I’ll bet you’ve seen this dozens of times at work. Something doesn’t get done or a project falls through. The accountability game begins, and the excuses fly. Fingers are pointed.

An angry George lists three times in the last month that Suzie failed to respond to his emails, and then turns on Doug, saying, “Doug was lead on this project, how come he didn’t stay on top of the deliverables?”
The only winner in this workplace dustup is Peter Flannigan, who owns the pub across the street where everyone will go after work to drink and commiserate in their respective cliques.

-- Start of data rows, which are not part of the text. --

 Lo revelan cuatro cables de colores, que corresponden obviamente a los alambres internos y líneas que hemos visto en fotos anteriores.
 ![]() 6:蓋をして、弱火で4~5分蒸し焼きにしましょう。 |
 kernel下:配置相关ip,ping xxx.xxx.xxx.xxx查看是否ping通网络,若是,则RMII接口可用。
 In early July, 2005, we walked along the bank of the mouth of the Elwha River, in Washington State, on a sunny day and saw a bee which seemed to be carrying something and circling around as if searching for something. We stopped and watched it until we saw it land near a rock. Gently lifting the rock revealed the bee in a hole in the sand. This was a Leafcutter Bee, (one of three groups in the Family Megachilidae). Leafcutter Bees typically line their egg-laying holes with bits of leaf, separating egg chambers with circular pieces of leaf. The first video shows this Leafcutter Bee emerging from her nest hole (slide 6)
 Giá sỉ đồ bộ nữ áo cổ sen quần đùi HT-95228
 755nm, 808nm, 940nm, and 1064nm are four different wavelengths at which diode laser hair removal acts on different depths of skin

“Accountability separates the wishers in life from the action-takers that care enough about their future to account for their daily actions.”― John Di Lemme
Nobody likes to take responsibility when things go wrong. It’s much easier to deflect, deny, sidestep, and point the finger at others.

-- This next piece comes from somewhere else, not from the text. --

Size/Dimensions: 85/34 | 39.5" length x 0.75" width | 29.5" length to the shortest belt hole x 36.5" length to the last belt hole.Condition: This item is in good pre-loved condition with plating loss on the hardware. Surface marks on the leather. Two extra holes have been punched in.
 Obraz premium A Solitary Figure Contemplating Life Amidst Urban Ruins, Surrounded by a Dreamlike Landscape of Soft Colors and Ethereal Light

What’s worse, this type of behavior doesn’t just happen in the workplace. It happens at home too and in our relationships.
What is this unhealthy behavior that feels good but eventually makes us miserable?
Blame.
A negative mental state
According to an article by Chris Smith in Filevine.com, blame is contagious. Here’s an excerpt from the article:
In 2009, the Journal of Experimental Social Psychology released a study about the blame contagion. Psychologists Nathanael Fast and Larissa Tiedens conducted four experiments to determine if and why blame seems to spread from person to person. What they found was that the ‘blame contagion encourages a person to engage in blaming behaviors shortly after being exposed to another individual making a blame attribution for a failure.’ When we see someone defending themselves and blaming others, we reflexively defend ourselves as well.

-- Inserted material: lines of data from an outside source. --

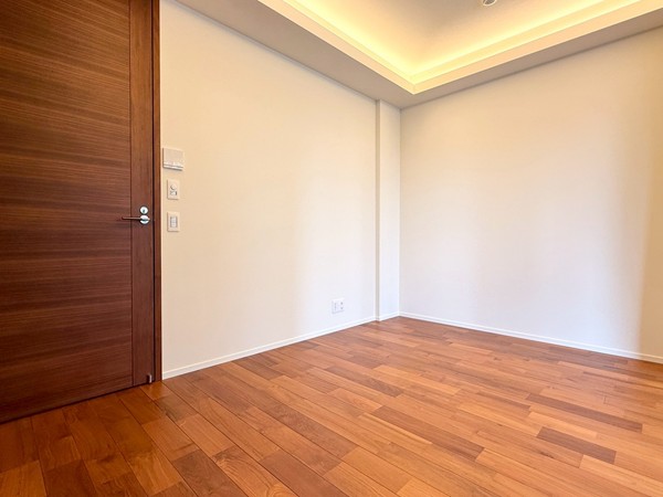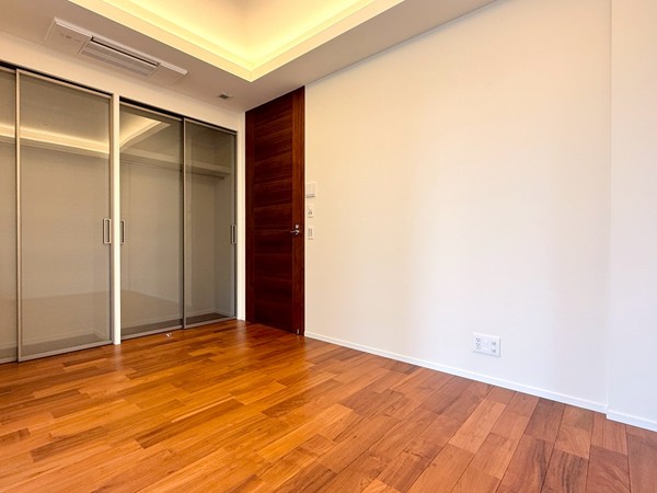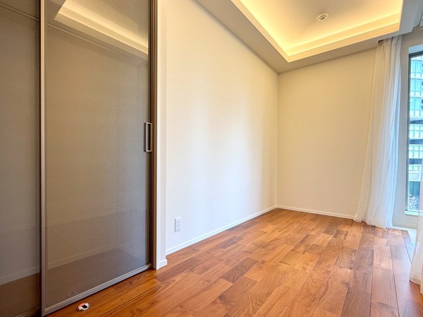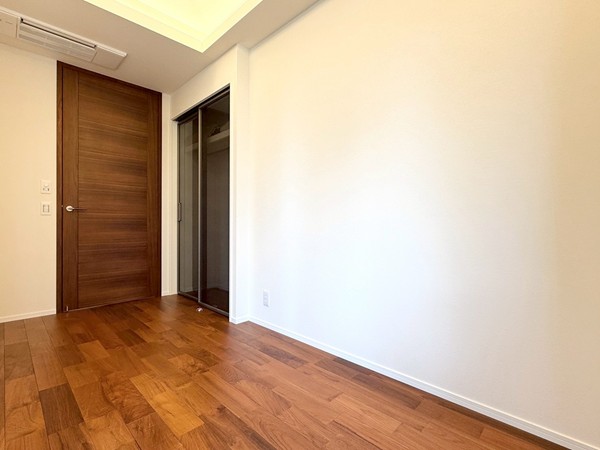 約7.0帖の洋室は主寝室におすすめの広さ。こちらのお部屋にも床暖房を備え、寒い季節でも心地よく過ごせます。整形のレイアウトでベッドの配置がしやすく、大容量クローゼットも設置されているため収納面も安心。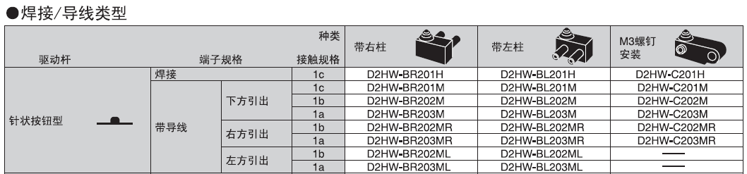 D2HW-C203ML歐姆龍微動開關(guān)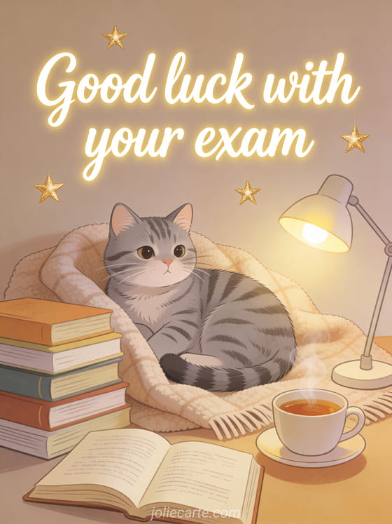 Brighten up exam prep with this adorable card featuring a tabby cat snuggled on a plaid next to a pile of books and a steaming cup of tea. Discover also a good luck exam animated card.

We deflect and place blame on others in order to protect ourselves and our self-image. Projecting the responsibility onto others is a defense mechanism that does little to help us grow or become more effective, mature individuals.

We think that blaming others will protect our reputation, but usually, it sullies our reputation. Most often people know who screwed up at work. When the guilty party fails to take responsibility by blaming others, we think less of that person.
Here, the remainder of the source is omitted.